From Wikipedia, the free encyclopedia

Out of the Trees is a 1975 television sketch show pilot written by Graham Chapman, Douglas Adams and Bernard McKenna that was broadcast on BBC 2 in 1976. The show shared some of the stream-of-consciousness style of Monty Python's Flying Circus, of which Chapman was a member. Actors included Chapman, Mark Wing-Davey and Simon Jones. The instrumental theme tune was by Neil Innes.

The concept of the show was, according to Chapman, to follow the exploits of two modern-day linguists who would travel around a Britain gripped in rapid decline. The linguists would comment upon the origins of a word or phrase, which would then be the genesis of a sketch. Although two scripts were written (the second a collaboration between Chapman and David Yallop), only one episode was ever filmed. It was broadcast only once by the BBC, with little promotion, at 10pm on Saturday 10 January 1976 opposite Match of the Day, and so was seen by relatively few people. The original broadcast standard videotape of the show was subsequently wiped, as often occurred at the time, and the show was then unseen for decades.

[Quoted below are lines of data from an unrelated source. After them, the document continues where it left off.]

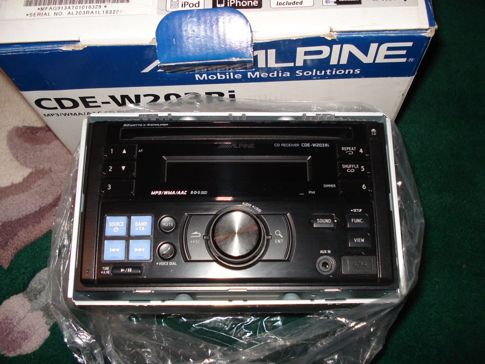 Поддерживает iPhone, iPod, USB. Как и все Alpine - выдаёт чёткий, качественный звук.
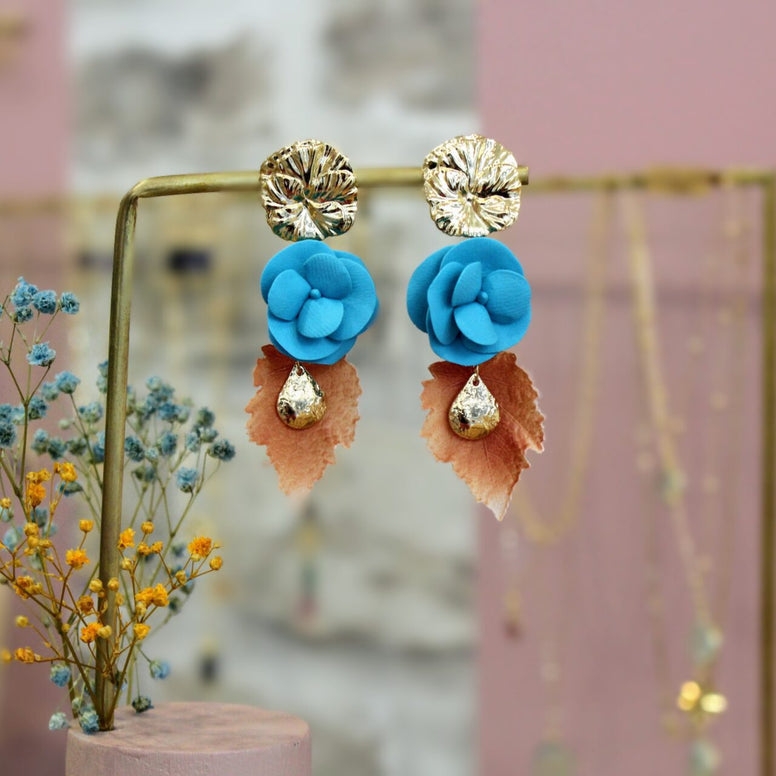 Grandes et belles boucles d'oreilles, créées à partir d'une estampe en laiton doré à l'or fin 24 carats. A cette estampe sont suspendus des éléments faits main, en forme de fleurs et de feuilles de couleur bleu vif et marron, en porcelaine à froid. Une goutte dorée apporte un éclat de lumière supplémentaire.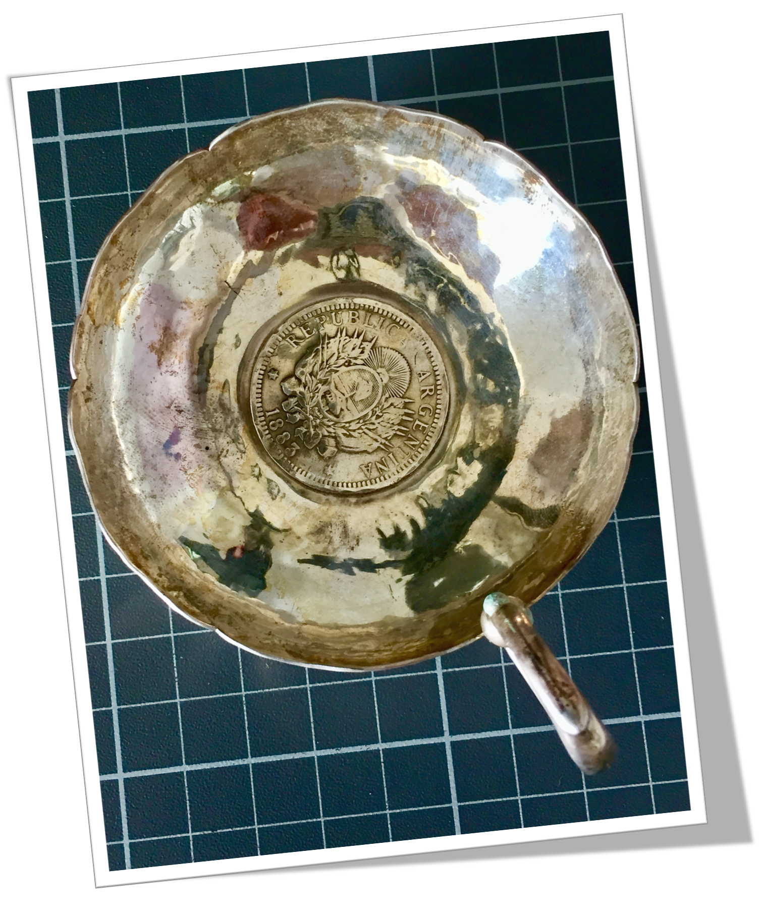Coupelle en argent 925, légèrement martelée. Pièce en argent 900, 50Cts., Argentine 1883, au centre au fond.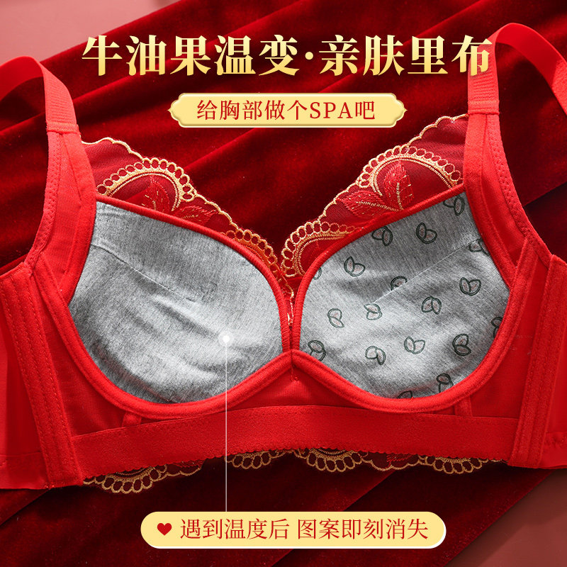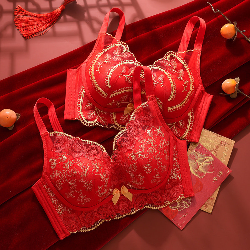 本命年马年刺绣红色内衣女结婚新娘内裤套装无痕小胸聚拢文胸礼盒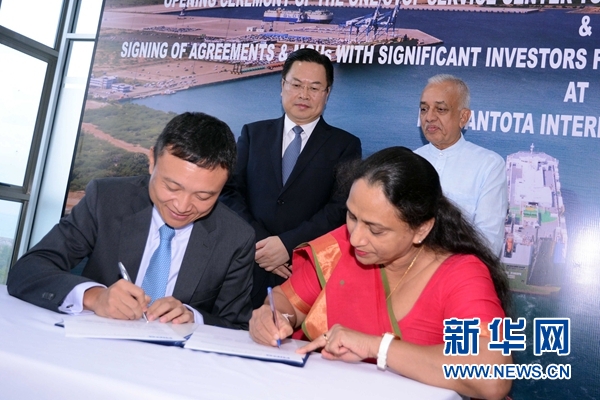 汉班托塔国际港口集团首席执行官任锐(左)与斯里兰卡投资局局长马拉高达签约。拉延·萨米拉 摄

The film segments shot in outdoor locations survived, and consist of a sketch titled "Severance of a Peony", and some inserts intended for an item about Genghis Khan. The former was included on the DVD for Adams's 1981 TV series adaptation of The Hitchhiker's Guide to the Galaxy, and also appeared, rewritten as an anecdote, in Chapman's book A Liar's Autobiography. Rewrites of the Genghis Khan sketch appear in some editions of Adams's posthumously published work The Salmon of Doubt as the short story "The Private Life of Genghis Khan".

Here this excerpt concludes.